Eva Nikolova: The Edifice of Memory

Eva Nikolova: The Edifice of Memory examines the entanglement between geography and memory. In emigrating from Bulgaria to the United States, Nikolova recalls confronting the notion of remembrance as essentially inseparable from that of place. Her experimental depictions of buildings and landforms, in their manifestation of instability and transience, reflect a personal narrative of displacement. This solo exhibition presents a selection of works from her most recent series of cliché-verres 21 Fragments of Yesterday and Tomorrow in addition to the standalone piece Tributaries, a set of chemigrams – cameraless gelatin silver photographs created by drawing and painting onto light-sensitive paper.

Eva Nikolova. Untitled I: Fragments of Yesterday and Tomorrow, 2015. Cliché verre–archival pigment print; 22.5 x 26 in.
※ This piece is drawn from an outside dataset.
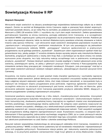 Sowietyzacja Kresów II RP Wojciech Śleszyński Wkroczenie wojsk sowieckich na obszary przedwojennego województwa białostockiego odbyło się w dwóch etapach. Ziemie na wschód od Białegostoku Armia Czerwona zajęła w pierwszej fazie działań wojennych, natomiast pozostałe obszary, aż po rzekę Pisę na zachodzie, po podpisaniu porozumień granicznych pomiędzy Niemcami a ZSRS (28 września 1939 r.) i wycofaniu się z tych ziem wojsk niemieckich. Zwłoka spowodowana pertraktacjami Sowietów ze stroną niemiecką, pomogła oddziałom Armii Czerwonej, a w szczególności jednostkom NKWD, organizacyjnie i politycznie przygotować się do przejmowania nowych terenów. Podobnie jak na całym okupowanym obszarze, także na ziemiach Białostocczyzny powielano schematy stosowane w trakcie trwania całej operacji militarnej - czyli wkroczenie wojsk sowieckich obowiązkowo poprzedzane musiało być „spontanicznym i entuzjastycznym” powitaniem mieszkańców. W tym celu posuwającym się jednostkom wojskowym towarzyszyły oddziały NKWD, „pomagające” lokalnym społecznościom w praktycznym przygotowaniu się do godnego powitania „wyzwolicieli”. Zasadniczym celem organizowanych spotkań miało być potwierdzenie tezy, jakoby podjęte 17 września działania zbrojne wyrażały jedynie wolę mieszkańców Białorusi Zachodniej, pragnących zjednoczenia z resztą ziem Kraju Rad, a zachodzące po tej dacie zmiany nie zostały wymuszone przez okupanta, lecz były naturalną reakcją szczęśliwego ludu w podnieceniu oczekującego przybycia „wyzwolicieli”. Postawa lokalnych społeczności musiała współgrać z hasłami głoszonymi przez armię sowiecką, powielającymi opinię, że jedną z głównych przyczyn klęski militarnej II Rzeczypospolitej było zniewolenie zarówno klasy pracującej jak i mniejszości narodowych. Entuzjazm „ludu pracującego” miał być w opinii władz sowieckich pierwszym swoistym rodzajem plebiscytu, udowadniającym słuszność poczynań Armii Czerwonej. Oczywiście, nie można wykluczyć, iż część powitań miała charakter spontaniczny i wychodziła naprzeciw oczekiwaniom władz sowieckich. Jednak identyczny scenariusz wszystkich uroczystości wydaje się potwierdzać tezę o odgórnej reżyserii większości spotkań, które, choć miały imitować naturalność, w rzeczywistości były w większym lub mniejszym stopniu przygotowane przez politruków. Ingerencja agitatorów sowieckich była szczególnie widoczna na obszarach przejmowanych pod koniec września 1939 roku od Niemców, gdzie wkroczenie jednostek regularnych Armii Czerwonej poprzedziło przybycie oddziałów NKWD, dbających o staranne przygotowanie i przebieg organizowanych uroczystości. Ceremoniał powitania zazwyczaj składał się z kilku stałych, charakterystycznych elementów. Uroczystość rozpoczynało przystrojenie budynków mieszkalnych czerwonymi sztandarami i okolicznościowymi hasłami o treści komunistycznej, zbudowanie powitalnej bramy (najczęściej na rogatkach miasta) oraz skompletowanie komitetu powitalnego, reprezentującego lokalną społeczność. Po wstępnej części powitania rozpoczynał się zasadniczy moment uroczystości, składający się z okolicznościowych przemówień, wygłaszanych zarówno przez agitatorów sowieckich jak i staranie wybranych przedstawicieli miejscowej ludności. Treść wszystkich wystąpień była przygotowana według odgórnie zaprogramowanych zasad. Krytykowano wszystko, co związane było z dokonaniami II Rzeczypospolitej, jednocześnie wychwalając osiągnięcia ZSRS. Już w czasie pierwszych wieców ludność Białostocczyzny zapoznała się ze stałym schematem tego typu uroczystości, które obowiązkowo musiały być zakończone pozdrowieniami na cześć Stalina i członków sowieckiego Politbiura. Stosunek ludności województwa białostockiego do wkraczających oddziałów Armii Czerwonej, niezależnie od „praktycznej pomocy” NKWD, w dużej mierze uzależniony był od narodowości mieszkańców i reprezentowanych przez nich poglądów politycznych. Pozostawione relacje polskie, jak i dokumenty sowieckie jednoznacznie wskazują, iż na przychylne powitanie czerwonoarmiści mogli liczyć głównie ze strony Białorusinów i Żydów. Byłoby jednak błędem na podstawie przedstawionych relacji uogólniać postawy i rozciągać je na wszystkich przedstawicieli obu narodowości. W szczególności z dużą rezerwą do wkraczających wojsk Armii Czerwonej odnosiła się bogata ludność żydowska, obawiająca się przede wszystkim o posiadaną własność. Jednak ich zachowawcza i pełna obaw postawa nie była tak eksponowana, jak radość grup witających przybywające oddziały. Entuzjazm dużej części ludności białoruskiej i żydowskiej wynikał przede wszystkim z wiary w poprawę politycznych i ekonomicznych warunków życia. Hasła głoszone przez wkraczające oddziały sowieckie, obiecujące równość klasową, narodowościową i stworzenie nowych szans w dostępie do edukacji i urzędów państwowych, w zderzeniu z rzeczywistością II Rzeczypospolitej brzmiały zachęcająco. Niechęć do przedwojennej polityki rządu dodatkowo potęgowały doświadczenia ostatnich klęsk militarnych II Rzeczypospolitej, która wbrew buńczucznym zapowiedziom, łatwo uległa wojskom sąsiadów. Władze okupacyjne umiejętnie wykorzystywały panujące nastroje, roztaczając przed wiejską białoruską biedotą i żydowskim lumpenproletariatem wizje łatwej kariery politycznej i zawodowej. Chłop białoruski liczył przede wszystkim na rozwiązanie problemu „głodu ziemi”, podczas gdy ludność żydowska tradycyjnie poszukiwała swoich szans w miastach i wiązała duże nadzieje z przyszłymi posadami w nowej administracji. Obie grupy społeczne, zajmujące w przedwojennej Polsce najniższe szczeble w hierarchii społecznej, w myśl ideologii komunistycznej, stawały się elementem najwartościowszym, nieskażonym g

Image courtesy the artist.

Nikolova suggests that “nothing can erase the experience of the past quite like a photograph, which replaces what it purports to preserve.” She insists on drawing from memory in an attempt to capture the subjectivity of a lived experience, employing the cameraless, inkless printmaking technique of cliché-verre. Nikolova sketches a matrix with graphite, white chalk, charcoal, black and white ink, and oil pastel, later transferring the image onto light-sensitive paper to be reworked once again. This matrix, enlarged onto gelatin silver photographic paper and developed in the darkroom, generates the cliché-verre prints. These prints serve as a matrix once more as Nikolova bleach-etches each image to emulsify the metallic chemicals. 

In this complex and time-intensive process, Nikolova physically erodes her prints of forgone cities and landscapes in part to reflect her experience as an immigrant faced with personal discontinuities and the monumental task of remembrance. She recalls “the gelatin-silver emulsion, equally a site of creation and dissolution, became the embodiment of the themes of the work – the nature of transformation and the interchangeability of construction and destruction within the unstable and fragmentary edifice of memory itself.”